St. Thomas Aquinas (Summa Theologiae III, q. 36) situates the Benedictus within the broader theology of the Incarnation as the definitive "visitation" of God — epeskepsato — to his people. For Aquinas, God's mercy (misericordia) is not weakness but the overflow of his omnipotent love freely given to those who cannot help themselves. The phrase "to remember his holy covenant" (v. 72) does not imply God had forgotten; rather, as Augustine explains, it means God is now acting in history in a way that makes his eternal fidelity visible and tangible in human flesh.
Every morning, Catholic priests, deacons, religious, and laypeople praying the Liturgy of the Hours sing or recite the Benedictus. This is not accidental: the Church places Zechariah's canticle at the dawn of each day because it reorients every morning around the logic of salvation history. For a contemporary Catholic, this passage is an invitation to resist the amnesia of modern life — the tendency to treat each day as a blank slate disconnected from promise, covenant, and story.
In practical terms, praying the Benedictus daily trains the heart to interpret personal experience within God's larger narrative. When you face "enemies" — whether illness, injustice, addiction, failure, or despair — verse 71's language is not archaic. It names real forces of bondage and claims, concretely, that God's salvation reaches them. Verse 72's grounding of hope in God's mercy to our fathers rather than in our own track record offers relief from the exhausting weight of self-justification. You are not the first person in your family, parish, or nation whom God has had to rescue. He has done this before, and his oath does not expire.
Verse 71 — Salvation from Enemies "Salvation from our enemies and from the hand of all who hate us" could be misread in a narrowly political sense. The Church Fathers, following Jesus' own reinterpretation of Messianic hope, understand "enemies" as ultimately sin, death, and the devil. St.

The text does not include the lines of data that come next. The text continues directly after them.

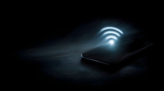 Glowing Wi Fi symbol radiating from a dark smartphone symbolizing digital connection and modern technology in the night
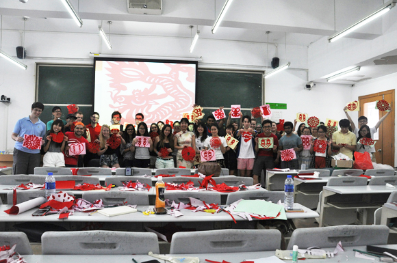 Students and their work from the class of Chinese Paper Cutting in the 2015 SYSU International Summer Program
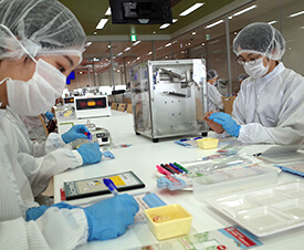 参加者は全員、白衣、キャップ、マスク、手袋を身につけ、滅菌用のエアシャワーをくぐり、クリーンルームの中で作業を行います。機械に瓶をセットして、機械から出てくる製品をしっかり計量し、包装、検品などを体験することで、清潔と安全を徹底することの大切さや、手軽に買える製品がいかに繊細な工程をたどって届けられているのかを実感できます。

Cyril of Alexandria writes that our true enemies are "the passions and the devil himself," and that Christ's liberation is far more radical than any political emancipation because it strikes at the root of human bondage.

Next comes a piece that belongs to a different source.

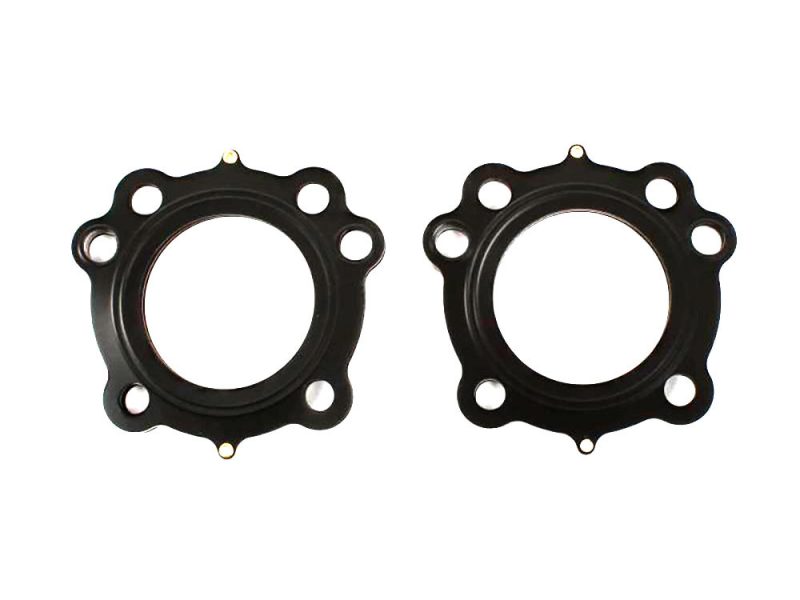 Harley-Davidson Evolution Sportster 3.000″ MLS Head Gaskets. Comprised of multiple embossed layers of stainless steel with the outer layers utilizing a viton rubber coating. Compressed operating thickness is .051″.

Verses 72–74 — Mercy, Oath, and Deliverance "To show mercy toward our fathers and to remember his holy covenant" grounds God's saving action not in human merit but in God's own faithful love (hesed). The "oath sworn to Abraham" (v. 73) reaches back to Genesis 22:16–18, when God swore after the near-sacrifice of Isaac that he would bless all nations through Abraham's seed. Paul will unpack this same oath in Galatians 3:16, identifying "the seed" as Christ himself. Verse 74 — "to grant us, being delivered from the hand of our enemies" — shows that liberation is not the end but the precondition: we are freed in order to serve. The purpose clause that follows in verse 75 (outside this cluster) completes the thought: delivered so that we might serve in holiness and righteousness. Even these first verses press toward vocation, not mere rescue.